## Exercise objective
Entries below include pictures. Output exactly the lines from the one with "27 ноября, в" down to the one with "Cars gave us", both ends included, and leave the pictures out.

## Material for this exercise
*** Block opens ***
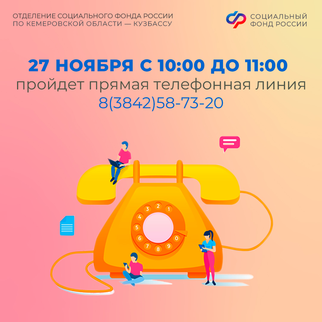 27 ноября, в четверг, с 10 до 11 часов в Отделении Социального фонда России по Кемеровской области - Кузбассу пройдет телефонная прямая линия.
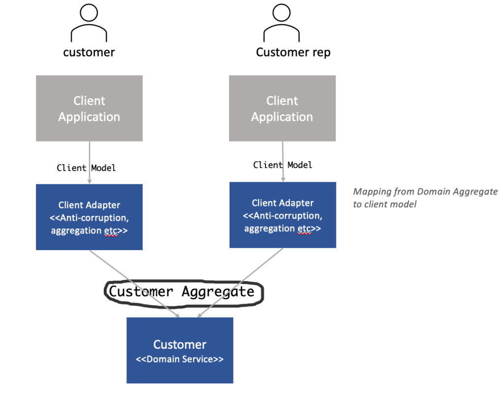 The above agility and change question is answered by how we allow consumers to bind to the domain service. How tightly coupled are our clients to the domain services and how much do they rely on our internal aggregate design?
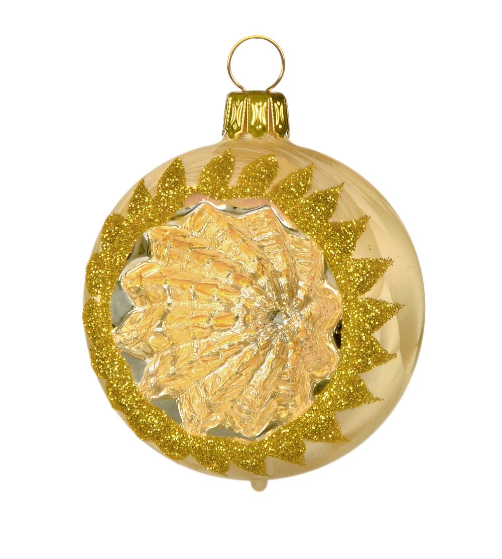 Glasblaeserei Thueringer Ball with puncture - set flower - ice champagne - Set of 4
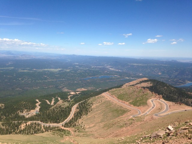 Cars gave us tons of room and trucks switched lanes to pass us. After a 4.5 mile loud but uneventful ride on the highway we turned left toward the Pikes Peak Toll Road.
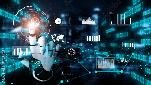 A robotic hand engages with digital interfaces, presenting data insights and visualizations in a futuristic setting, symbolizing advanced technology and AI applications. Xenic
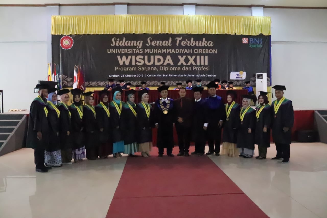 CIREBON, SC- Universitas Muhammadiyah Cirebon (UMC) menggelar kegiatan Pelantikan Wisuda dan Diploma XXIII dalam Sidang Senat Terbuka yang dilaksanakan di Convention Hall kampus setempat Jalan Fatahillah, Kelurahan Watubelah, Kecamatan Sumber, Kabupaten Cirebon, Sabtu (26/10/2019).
*** Block closes ***
*** Block opens ***
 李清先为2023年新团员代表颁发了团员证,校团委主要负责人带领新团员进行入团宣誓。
*** Block closes ***
*** Block opens ***
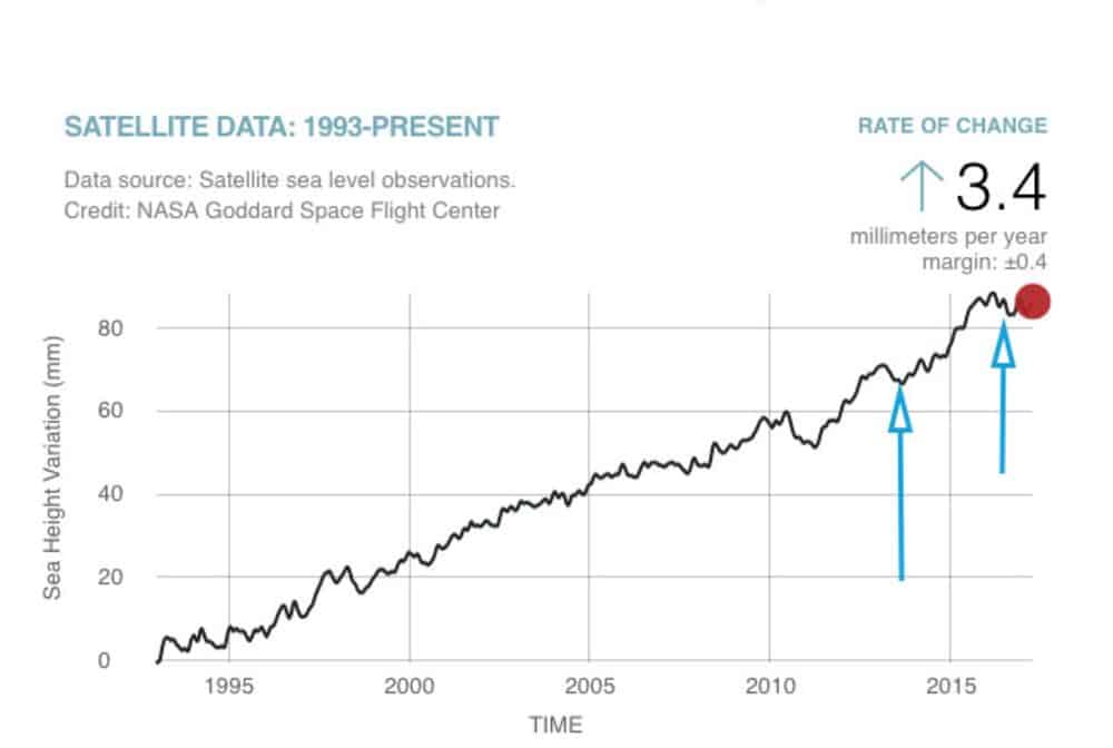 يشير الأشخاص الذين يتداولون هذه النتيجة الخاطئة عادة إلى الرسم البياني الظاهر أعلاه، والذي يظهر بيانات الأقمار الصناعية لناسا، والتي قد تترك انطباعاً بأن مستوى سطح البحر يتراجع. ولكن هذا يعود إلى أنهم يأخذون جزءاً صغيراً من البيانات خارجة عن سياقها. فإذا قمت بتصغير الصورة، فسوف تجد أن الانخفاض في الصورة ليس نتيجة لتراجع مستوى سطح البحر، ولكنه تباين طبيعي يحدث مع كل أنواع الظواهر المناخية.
*** Block closes ***
## Exercise output
 27 ноября, в четверг, с 10 до 11 часов в Отделении Социального фонда России по Кемеровской области - Кузбассу пройдет телефонная прямая линия.
 The above agility and change question is answered by how we allow consumers to bind to the domain service. How tightly coupled are our clients to the domain services and how much do they rely on our internal aggregate design?
 Glasblaeserei Thueringer Ball with puncture - set flower - ice champagne - Set of 4
 Cars gave us tons of room and trucks switched lanes to pass us. After a 4.5 mile loud but uneventful ride on the highway we turned left toward the Pikes Peak Toll Road.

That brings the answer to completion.